### What is needed:
Exactly the lines below starting at the line with "Užite si sladkú" and ending at the line with "Retro ANZAC Day" are wanted, with both ends included. Leave out the pictures and add no other lines.

### Available records:
::::::::

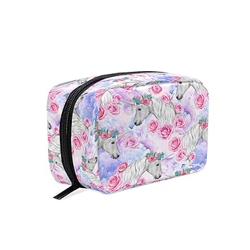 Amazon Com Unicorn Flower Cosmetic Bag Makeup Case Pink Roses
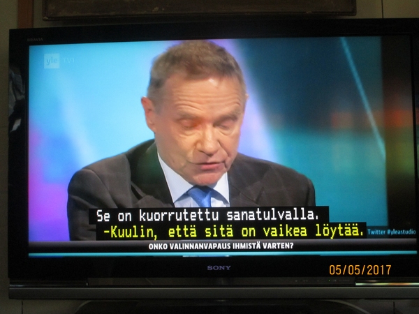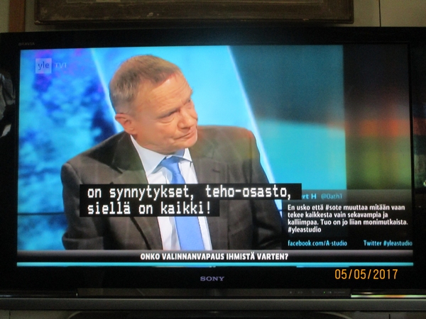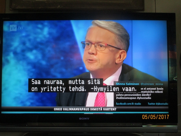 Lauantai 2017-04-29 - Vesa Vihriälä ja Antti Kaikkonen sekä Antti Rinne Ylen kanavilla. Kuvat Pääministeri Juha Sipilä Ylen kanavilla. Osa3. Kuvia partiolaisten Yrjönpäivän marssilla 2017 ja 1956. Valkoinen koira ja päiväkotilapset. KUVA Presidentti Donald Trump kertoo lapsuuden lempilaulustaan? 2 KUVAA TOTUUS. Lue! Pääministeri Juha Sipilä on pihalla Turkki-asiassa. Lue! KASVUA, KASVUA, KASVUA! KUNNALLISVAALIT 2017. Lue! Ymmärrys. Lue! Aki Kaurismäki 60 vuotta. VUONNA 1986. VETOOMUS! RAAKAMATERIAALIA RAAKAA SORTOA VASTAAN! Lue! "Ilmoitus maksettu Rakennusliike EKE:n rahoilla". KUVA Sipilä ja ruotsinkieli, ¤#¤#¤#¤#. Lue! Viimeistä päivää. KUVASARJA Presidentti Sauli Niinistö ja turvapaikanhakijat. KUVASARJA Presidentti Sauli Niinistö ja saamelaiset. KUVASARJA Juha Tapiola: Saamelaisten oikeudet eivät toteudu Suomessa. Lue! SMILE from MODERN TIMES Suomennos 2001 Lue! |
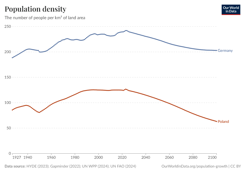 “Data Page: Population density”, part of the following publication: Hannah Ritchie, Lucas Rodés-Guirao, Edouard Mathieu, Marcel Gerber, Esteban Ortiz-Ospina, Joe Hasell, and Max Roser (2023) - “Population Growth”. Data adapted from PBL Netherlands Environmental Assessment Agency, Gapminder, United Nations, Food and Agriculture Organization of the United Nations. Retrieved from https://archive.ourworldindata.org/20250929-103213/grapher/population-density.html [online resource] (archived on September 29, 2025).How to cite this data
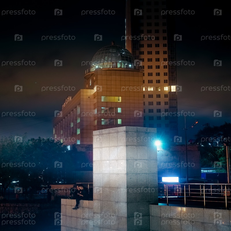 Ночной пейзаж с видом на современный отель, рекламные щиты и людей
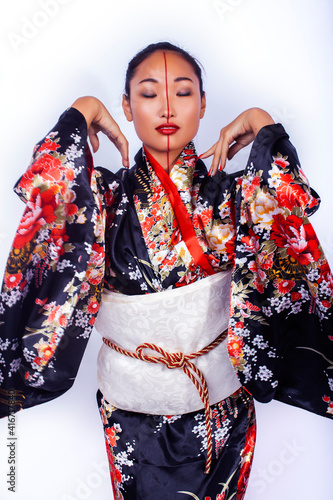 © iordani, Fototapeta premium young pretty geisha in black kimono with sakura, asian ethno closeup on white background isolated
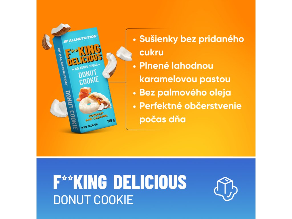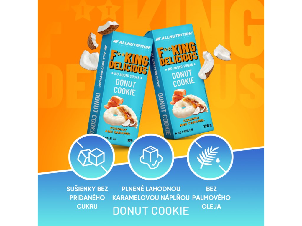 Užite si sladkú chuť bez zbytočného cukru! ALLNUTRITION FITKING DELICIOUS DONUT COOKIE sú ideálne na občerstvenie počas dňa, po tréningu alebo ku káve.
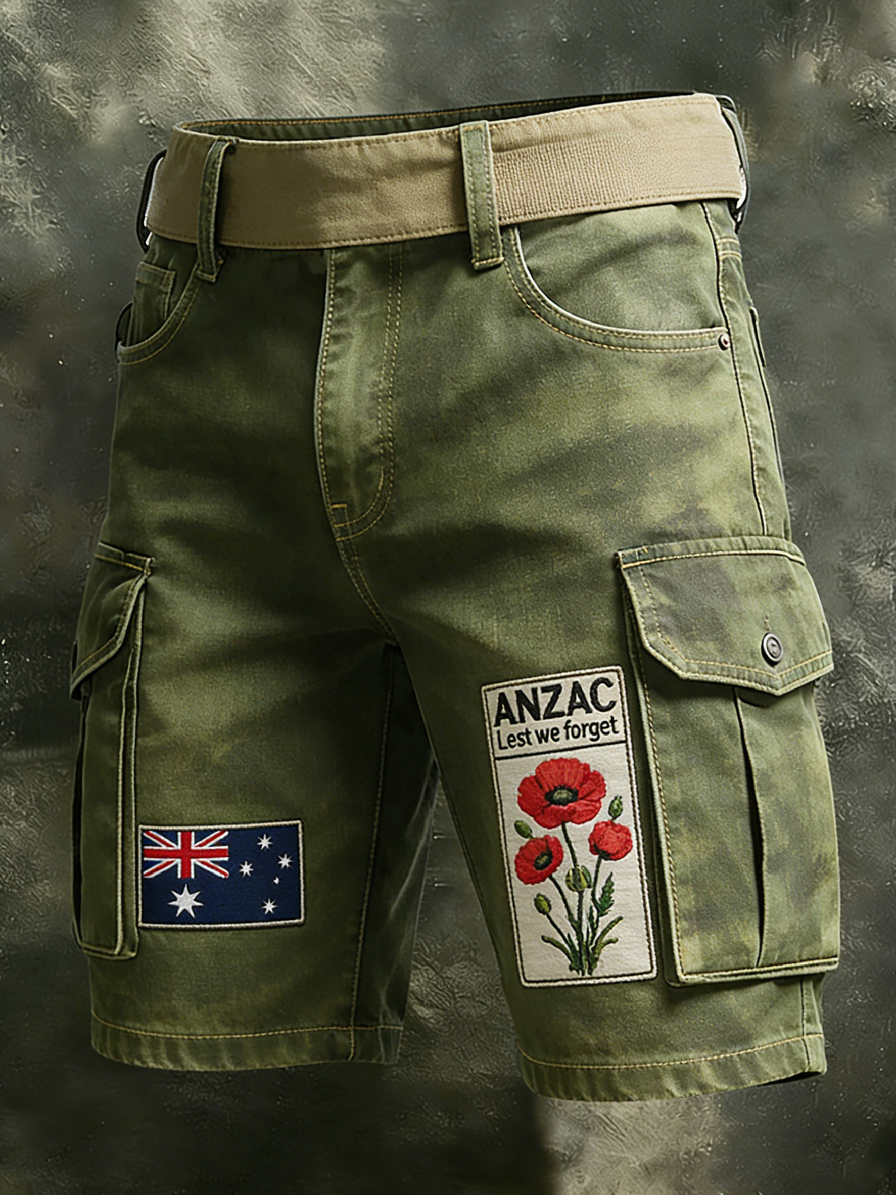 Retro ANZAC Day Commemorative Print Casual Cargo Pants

::::::::

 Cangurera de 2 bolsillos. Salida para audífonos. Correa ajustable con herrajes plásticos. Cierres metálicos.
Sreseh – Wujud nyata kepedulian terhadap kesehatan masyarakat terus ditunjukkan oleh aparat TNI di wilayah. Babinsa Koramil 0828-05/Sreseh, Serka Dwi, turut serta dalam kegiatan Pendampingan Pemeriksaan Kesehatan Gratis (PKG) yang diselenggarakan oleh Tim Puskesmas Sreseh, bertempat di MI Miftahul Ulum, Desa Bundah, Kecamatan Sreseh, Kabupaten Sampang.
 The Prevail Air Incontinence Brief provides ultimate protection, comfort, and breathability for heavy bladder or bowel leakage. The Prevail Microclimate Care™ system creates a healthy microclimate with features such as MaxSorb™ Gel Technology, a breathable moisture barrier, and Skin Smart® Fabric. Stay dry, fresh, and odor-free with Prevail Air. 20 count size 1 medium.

::::::::

### Response to this task:
 Užite si sladkú chuť bez zbytočného cukru! ALLNUTRITION FITKING DELICIOUS DONUT COOKIE sú ideálne na občerstvenie počas dňa, po tréningu alebo ku káve.
 Retro ANZAC Day Commemorative Print Casual Cargo Pants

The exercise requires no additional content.